Source
Sources are the websites from which you extract data into a single database. They define where your data comes from while the database itself maintains consistency with a unified schema, prompt, and extraction schedule across all sources.
Types of Sources
- Website URLs: Direct links to web pages containing your target data
- Google Search results: Dynamic listings generated from Google search queries
- Reddit communities: Content from subreddits
- LinkedIn pages: User and company information, posts and updates
- RSS feeds: Regularly updated content streams
Adding Sources to a Database
To include data from multiple websites in the same database, you must add them as sources. A database can have one or multiple sources, allowing you to collect data from different websites while maintaining a unified structure.
Why Are Sources Important?
By defining sources strategically, you can extract comprehensive, structured, and up-to-date data across multiple websites into a single, unified database.

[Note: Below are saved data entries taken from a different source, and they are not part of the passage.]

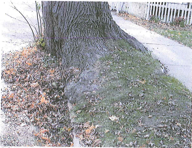
4-foot terrace: tree has grown into street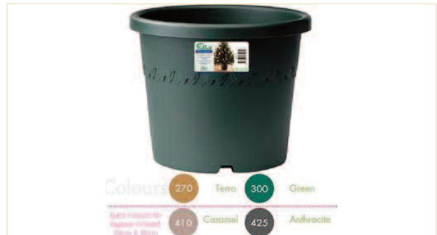
Elho Algarve Cilindro Plastic Planter From £3.49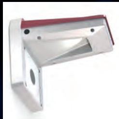
Illumination for night competition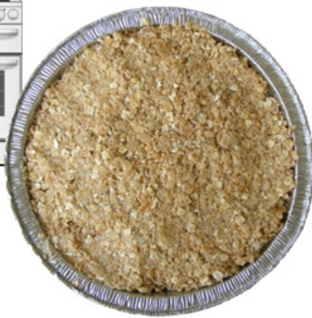
11 Bake in the oven for 30 minutes.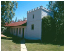
h00296 h296 chateau tahblik winery jan 2004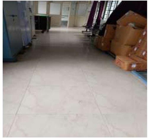
Main OT area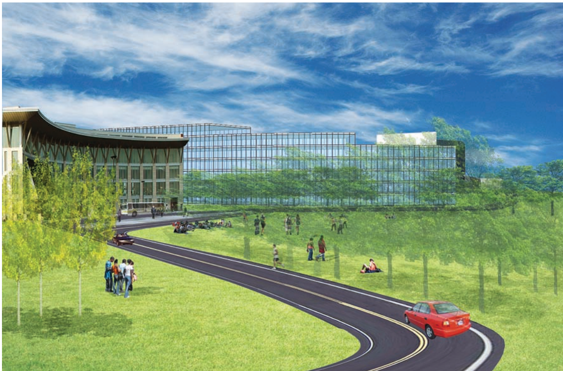
The first new academic building will be adjacent to the Campus Center; both will be served by a reconfigured roadway.

Nearly coinciding with the funding approval was the selection of the Boston architectural firm Goody Clancy to conduct a programming study and preliminary design for the campus’s first new academic building in some 35 years, an Integrated Sciences Complex. The new building,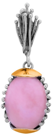
Silver and Gold Earrings $ 64.00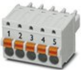
PCB connector, nominal cross section: 1.5 mm 2 , color: light gray, nominal current: 8 A, rated voltage (III/2): 160 V, contact surface: Tin, type of contact: Female connector, number of potentials: 5, Number of rows: 1, Number of positions per row: 5, number of connections: 5, product range: FK-MCP 1,5/..-ST, pitch: 3.81 mm, connection method: Push-in spring connection, conductor/PCB connection direction: 0 °, plug-in system: MINI COMBICON, Locking: without, mounting: without, type of packaging: packed in cardboard

Printed-circuit board connector - FK-MCP 1,5/ 5-ST-3,81GY35BD1-5 - 1015782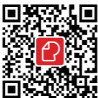
Dipet Life App

Search "Dipet Life" in App Store or Google Play. Download it and sign in.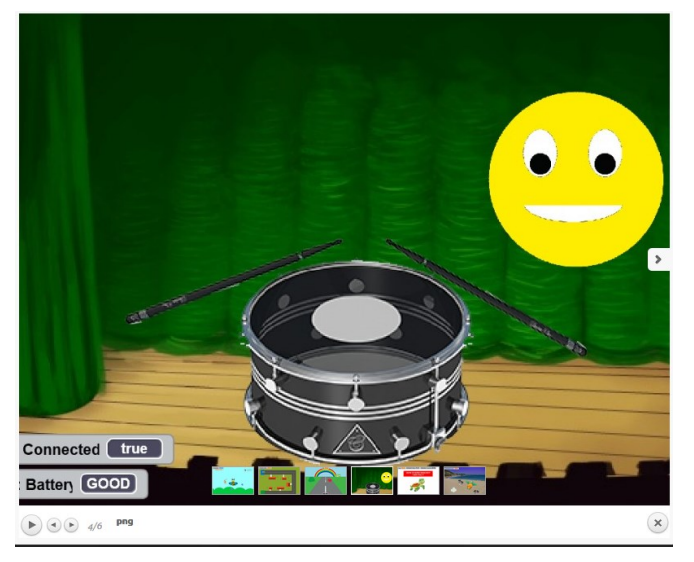
Figure 9. The drum: a Roboable cover and scenario.

The purpose of this scenario is to play a drum for a present period of time by moving Roboable as if it was a drummer's wand.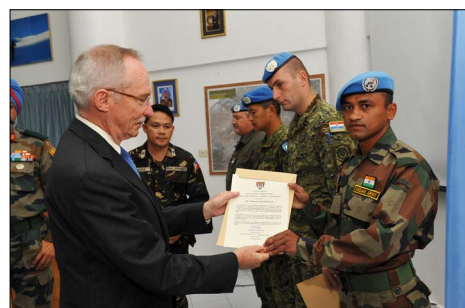
Awarding the Letter of Recommendation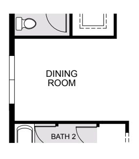
OPTIONAL DINING ROOM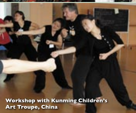
Workshop with Kunming Children's Art Troupe, China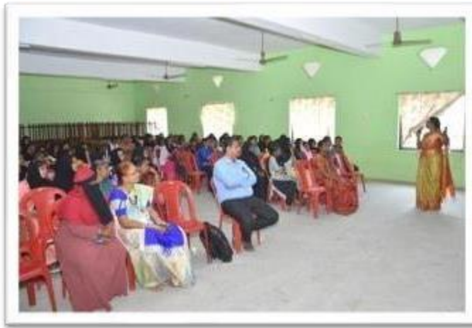
Fig 8 & 9: Trainers Address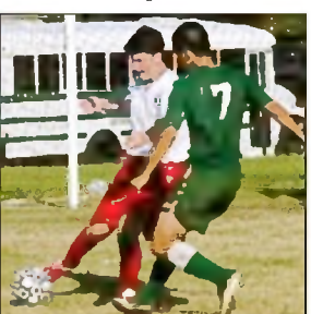
RCS SPORTS: Results of soccer, vollevball action from Roxboro Community School 🗛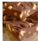
CHOCOLATE WALNUT: a softer, sweeter, more traditional fudge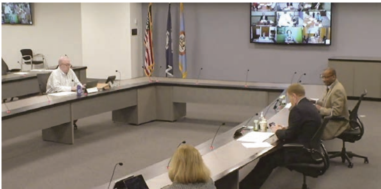
Fairfax County Board of Supervisors and staff meet socially distanced and remotely for the Wednesday, April 29 public hearing on the revised fiscal year (FY) 2021 budget proposal before them.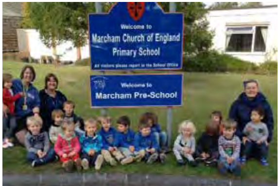
▲ PreSchool gets a sign! page 17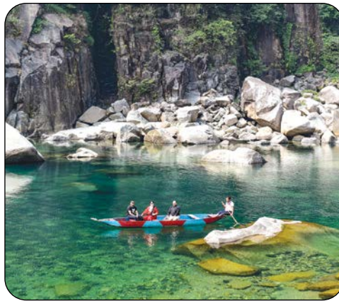
EXPLORING THE NORTHEAST: WHY THESE SEVEN STATES SHOULD BE ON YOUR TRAVEL LIST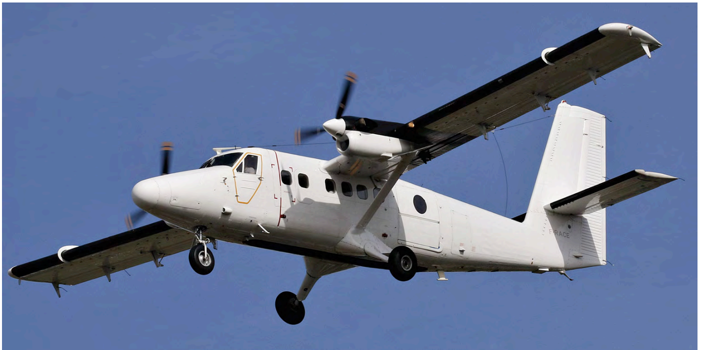
Easily mistaken for a civilian Twin Otter in this anonymous guise, Martin Uleman recognized registration F-RACE on ADSB to be a French Air Force aircraft and stopped at Brussels for a photo on 28 September 2021. Its serial 300 is not visible on the photo and most likely not even applied.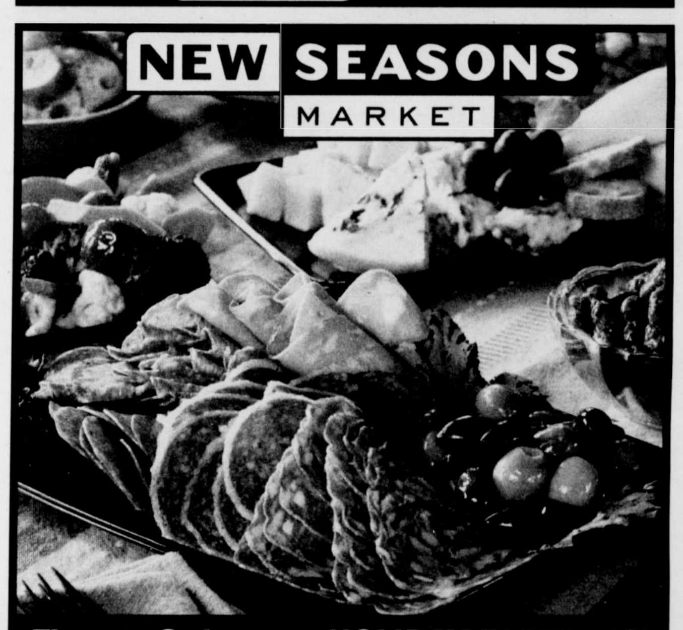
Time to Order your HOLIDAY PLATTERS!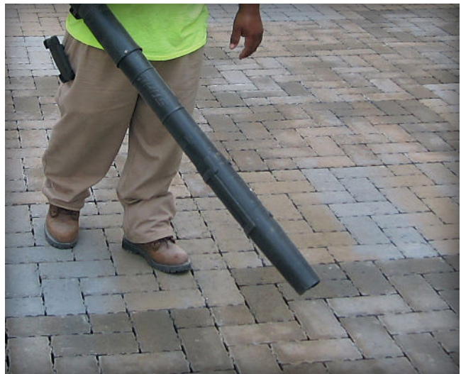
Figure 15. Blowing debris to curbs or gutters for removal and disposal.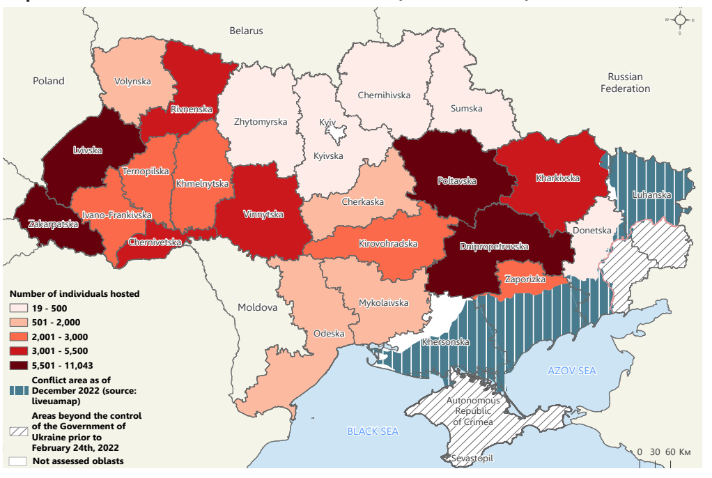
Map 2: Number of IDPs hosted in monitored sites (December 2022)

43% of the CSs (n=419) reported that the organisation responsible for site management had a focal point present at the site only during working hours, while 40% of the CSs indicated the presence of a focal point person 24 hours a day, 7 days a week.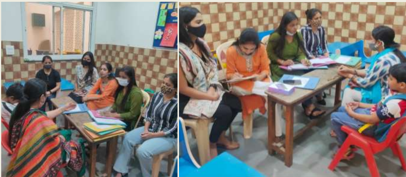
ASRA's PTM Committee with parents during Parents Teacher Meeting held at AIRTC

Parents Teacher Meeting (PTM) was held on 30 th April, 2022 at AIRTC. The main perspective of the PTM was to discuss Individualized Education Plan (IEP) with each parent, future education & therapy goals. Parents were also informed that ASRA's Special Educators are providing special sessions to students through smart education applications in tablets.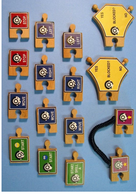
figure 1. Tern consists of a collection of wooden blocks shaped like jigsaw puzzle pieces.

Tern is based on the text-based language outlined in the book, Karel the Robot: A Gentle Introduction to the Art of Programming [6]. With Karel the Robot, students write simple, Pascal-like programs to navigate a robot through a grid world. We chose this language as a starting point because of its simplicity—it has no variables, no parameter values, and a small set of primitives. Like Karel the Robot, Tern programs also control robots that inhabit a grid world on a computer screen (figure 2). We altered the Karel model to allow multiple robots to interact in the same world, thus allowing several teams of students to participate in a shared classroom experience.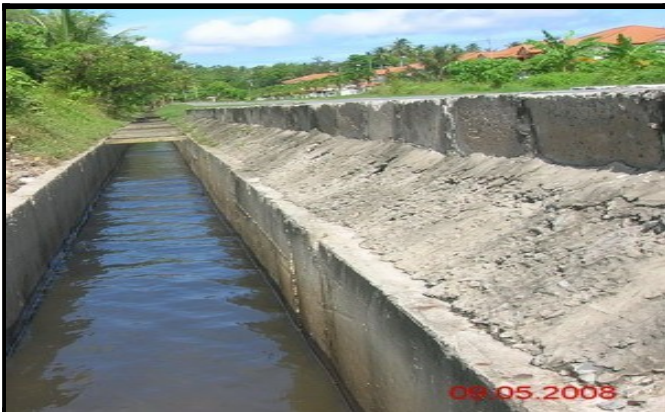
Film Batch : L4-14-001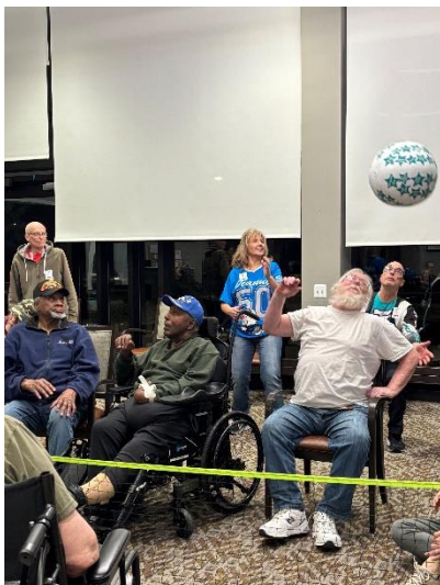
Volleyball in the MMR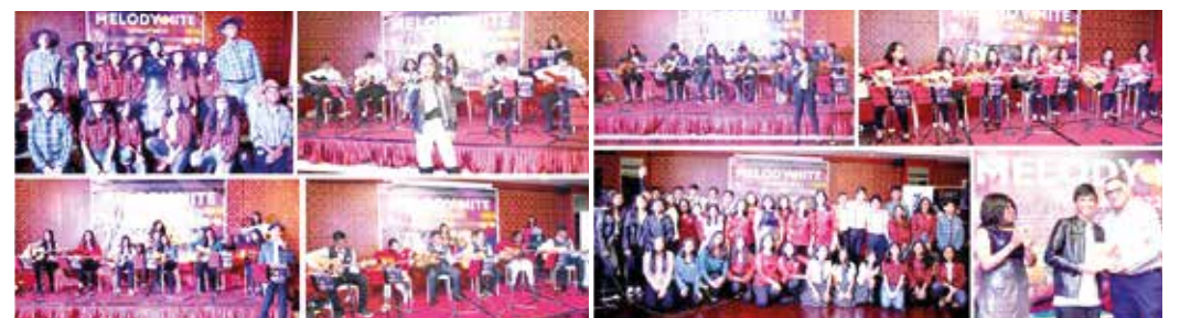
Participants at the event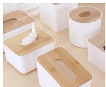
Round (2pcs) Rectangular (1pc)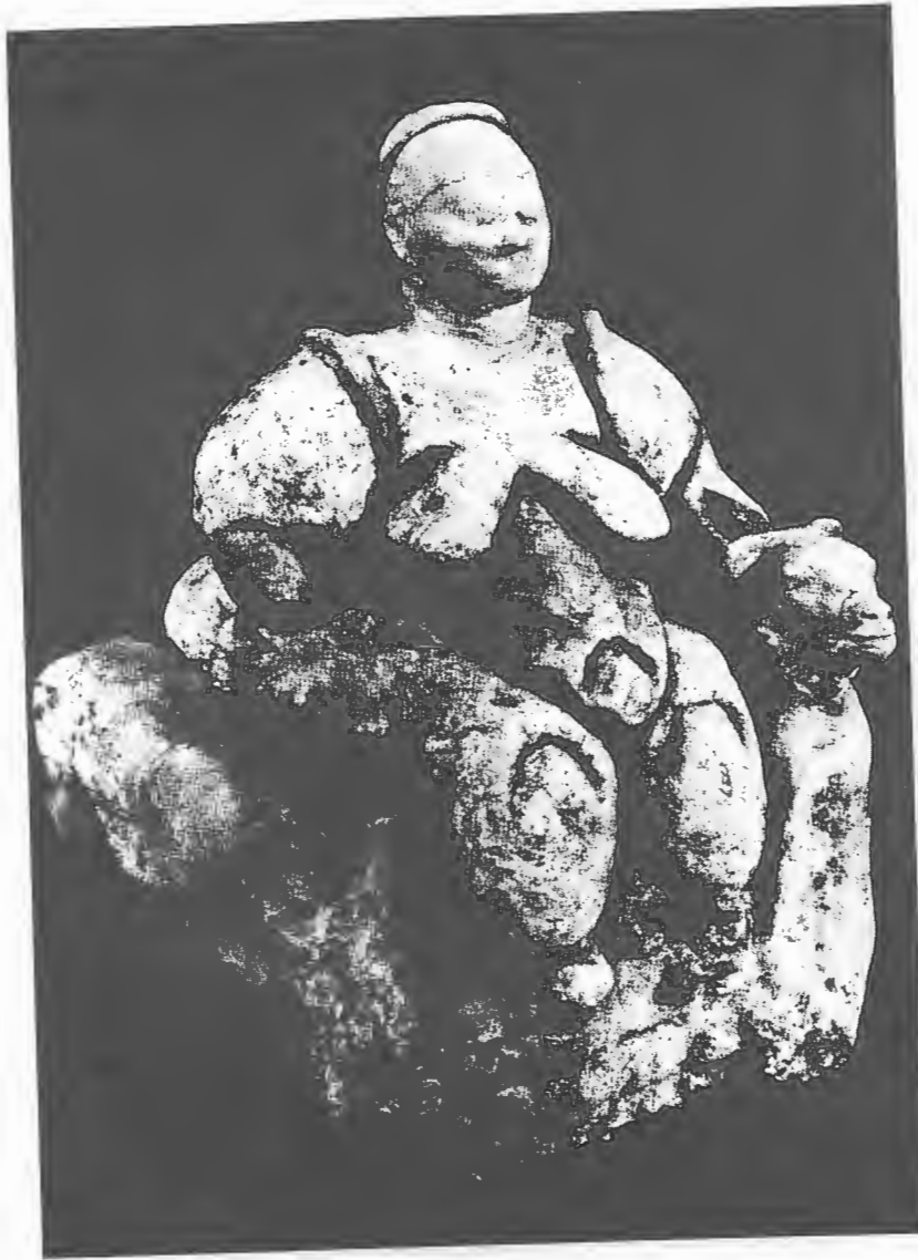
4 Goddess seated upon double feline throne. Discovered in Level II (5750 B.C.) of Catal Hüyük, Anatolia (Turkey), by James Mellaart, who unearthed many other Goddess figures and ancient shrines at the same site.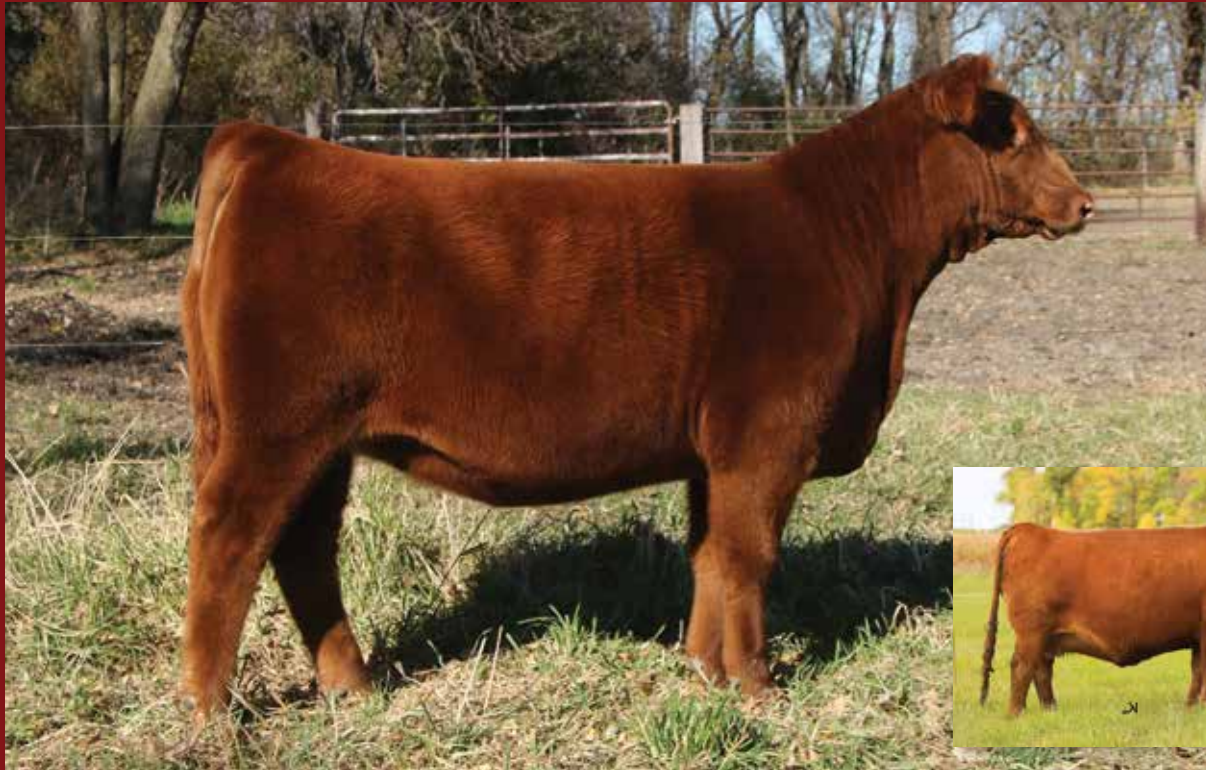
Caroline Dam of Lot 15 & 19

- Flexible data collection – Allows combining data from multiple sites in a structured way.
- Scalability – Add or remove sources as needed without affecting the database structure.
- Automated updates – Sources are reprocessed based on your extraction schedule.
Example Use Cases and Their Sources
Use case | Example sources |
---|---|
Market research | Home pages of competitors and their LinkedIn pages |
E-commerce product tracking | Product pages from different online stores |
Job listings | Company career pages and job boards |
News and regulation aggregation | Articles from various news sites and regulation boards |